This exercise calls for retyping every line below exactly, with the images omitted.

### The data
%%

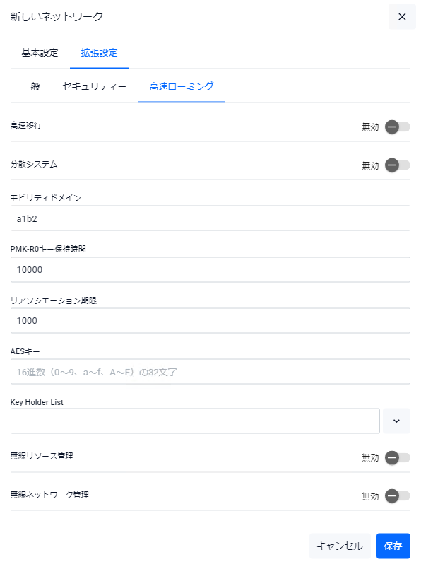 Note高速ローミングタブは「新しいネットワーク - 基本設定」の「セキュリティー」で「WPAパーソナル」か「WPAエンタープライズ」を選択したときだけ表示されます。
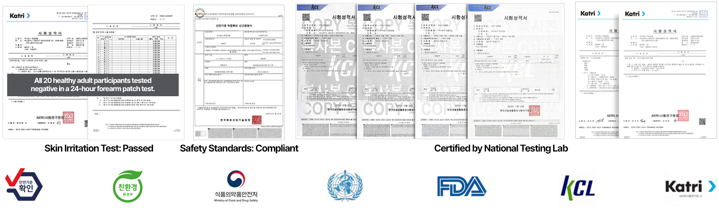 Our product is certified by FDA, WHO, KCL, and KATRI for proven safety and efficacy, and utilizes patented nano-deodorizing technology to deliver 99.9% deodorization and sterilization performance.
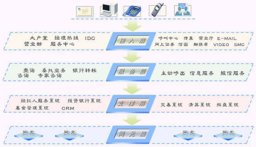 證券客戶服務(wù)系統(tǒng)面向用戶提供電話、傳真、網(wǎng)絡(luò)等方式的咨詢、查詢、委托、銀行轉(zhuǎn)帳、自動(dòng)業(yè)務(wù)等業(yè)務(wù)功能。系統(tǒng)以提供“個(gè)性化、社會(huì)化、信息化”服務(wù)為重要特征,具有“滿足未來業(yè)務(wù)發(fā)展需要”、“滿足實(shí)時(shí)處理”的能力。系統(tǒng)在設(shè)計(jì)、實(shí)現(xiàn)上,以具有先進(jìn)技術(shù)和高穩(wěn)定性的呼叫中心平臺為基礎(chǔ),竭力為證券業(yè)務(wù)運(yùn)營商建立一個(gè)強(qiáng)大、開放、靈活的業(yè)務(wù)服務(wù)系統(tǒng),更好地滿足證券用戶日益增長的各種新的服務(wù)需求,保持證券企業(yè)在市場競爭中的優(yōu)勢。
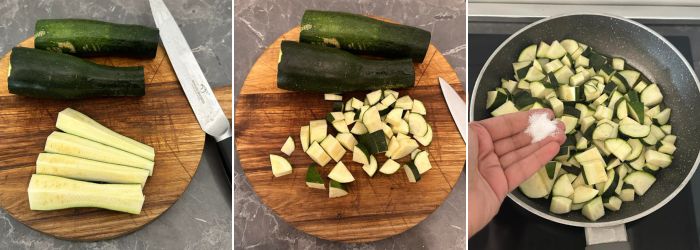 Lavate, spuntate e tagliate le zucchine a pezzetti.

%%

### Result for this task
 Note高速ローミングタブは「新しいネットワーク - 基本設定」の「セキュリティー」で「WPAパーソナル」か「WPAエンタープライズ」を選択したときだけ表示されます。
 Our product is certified by FDA, WHO, KCL, and KATRI for proven safety and efficacy, and utilizes patented nano-deodorizing technology to deliver 99.9% deodorization and sterilization performance.
 證券客戶服務(wù)系統(tǒng)面向用戶提供電話、傳真、網(wǎng)絡(luò)等方式的咨詢、查詢、委托、銀行轉(zhuǎn)帳、自動(dòng)業(yè)務(wù)等業(yè)務(wù)功能。系統(tǒng)以提供“個(gè)性化、社會(huì)化、信息化”服務(wù)為重要特征,具有“滿足未來業(yè)務(wù)發(fā)展需要”、“滿足實(shí)時(shí)處理”的能力。系統(tǒng)在設(shè)計(jì)、實(shí)現(xiàn)上,以具有先進(jìn)技術(shù)和高穩(wěn)定性的呼叫中心平臺為基礎(chǔ),竭力為證券業(yè)務(wù)運(yùn)營商建立一個(gè)強(qiáng)大、開放、靈活的業(yè)務(wù)服務(wù)系統(tǒng),更好地滿足證券用戶日益增長的各種新的服務(wù)需求,保持證券企業(yè)在市場競爭中的優(yōu)勢。
 Lavate, spuntate e tagliate le zucchine a pezzetti.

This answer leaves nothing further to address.